The above was planned out for a number of weekends (I can't remember what free time was like, let alone how long it took me; seems i've been painting every weekend for a decade!) and the rest was done over a number of years with big breaks in between each time of painting, so you can probably see where I have refined or changed a technique!
Anyhoo, 'nuff wafflin', onto the army...

This is Raesfurac, my Chaos Lord. My first ever simple conversion that involved drilling! I painted him about 5 years ago. The original 'Plaguebringer' weapon was just a normal Power Sword so with a suggestion and supplied by Critta, I took the head of a Warhammer Chaos Knight's lance, clipped off the tops of the side prongs and masquerade it as a Daemon of Nurgle's Plaguesword with a snapped handle and blade, explaining the awkward size in mortal hands...



Close up of his Plaguebringer. Used snailtrails of 'ardcoat dipped in my Secret Special Nurgle Wash to create the gribblyness at the end.



This is Septimus, a gift from Nurgle to aid Raesfurac in spreading the word of Nurgle. First real Green Stuff work here; Zombie Dragon wings in the holes where the bony protrusions are supposed to go (they will turn up later :grin: )
with some GS scales work and a magnestized hand, as it's a pain to store glued. There was supposed to be a dead Grey Knight to go on his base but I haven't got enough time to paint it el perfecto before the tourney so it will be bare...for now  Did him a while ago as well, 3 years maybe, not sure.



Close up of his wingies. They aren't big enough to carry his bulk, I know, its's more for show as he is borne aloft on the Winds of Nurgle (pun intended) and they flutter carelessy like...well...dead decaying wings do...



This is Bapchii, the last model I painted in completion of my army, featuring coral from Mexico on his base...naughty me! (Not allowed to take it, preserve the reefs, etc, was only a diddy bit, DON'T KILL ME GOVERNMENT, PLEASE!) with Yadrib in the background ( better pics of him are in my other thread), my Obliterators have magnetized arms as also, they are a pain to store glued.



Last of the big, BIG boys...
This is Aadar, my 1980's Dreadnought, which is supposed to be Khornate, but seeing I got him cheap off of eBay (because he was painted in a 'dedicated areas' approach; black arms, red body, that was about it iirc...) with no banner I decided to make him Nurgly, as he was doomed to be butchered for conversion pieces I think...not as much time and care lavished on him (painted at different skill times!) as Krazael the Infected (now simply referred to as 'The Infector'; the previous leader of the warband who was blown clean in half by a Basilisk shell) lurking in the background; better pics of him in my other thread if peeps want close ups!



Close up of his melon...



Now, onto the big boys... :wink:
This is Lachdanus, my Aspiring Champion and Banner Bearer for my Termies. The bone protrusion from the Daemon Prince has been put to use!
As I mentioned in my other thread, I _love_ 1980's models and trawled eBay for them every day a whilez back...
I painted him about 2 years ago I reckon, first Termie I ever did, then stopped at him for ages...
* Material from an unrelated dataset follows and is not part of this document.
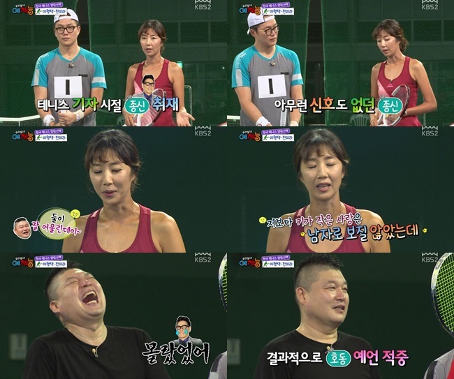 26일 오후 방송된 KBS 2TV '우리동네 예체능'(이하 '예체능')에서는 자체평가전을 끝내고 훈련을 위해 테니스스타 이형택과 전미라를 전담코치로 초청한 멤버들의 모습이 그려졌다.

Close up of his body and beady menacing one-eye 



Close up of his 'trophies'...(basically one head of every type of my mate's armies i've faced...there are Imperial Guard heads dangling from his shoulder pads and on the base but I forgot to take a pic...oh well, they were quite shit anyway!)



Right, Lachdanus' squad members, Mr Reaper-Auto, who was painted recently and Combi Flamer, who is about a year old, not sure...both modelled a while back with puppy teeth protrusions on the gun arm and the other arm is magnetized and all left arms share the same polarity so many weapons configs can be interchanged...muhahahahah...



Base details of the above



Mr Lightning Claw (psycho dude who had a mech-arm grafted on by a Khornate weaponsmith after being gravely wounded, driving him nuts) with an old skool Bolter on his base, and Mr Chainfist...the ponderous, silent killer type, notice the other Daemon Prince bone protrusion has turned up!
Boxy as hell that old 1980's Aspiring Champion Termie but I love him!



Details on the above. Couldn't really see his bloodsoaked Chainfist in the other pic so I put it in this one. Magnets = win.



Right, time for the intermission...let's break up all that gribbly greenery with the Red Gore rushedness of my Word Bearers, who originated from a mate's mum going to a car boot sale and him then giving his present to me, as he's Grey Knights! They were already stuck together with poly cement and fairly battered. With a bit of physical tweaking I went on to paint them like the Codex before the current one displays them and not how the novels describe them; silver instead of brass shoulderpad rims...I wanted the brass for other things on them and didn't want to overload it!
This is Balduk, the emmisary of The Voice, Infael the Fallen (TM! ), a Dark Apostle who would like to unite with Raesfurac to spread the word, so he sent a champion and his squad to show their prowess to the mighty Raesfurac. I chopped up a Khorne head and stuck some metal horns I had (from a 1980's model I converted I didn't want to go to waste) and voila! A face only a mother would kiss for that dude!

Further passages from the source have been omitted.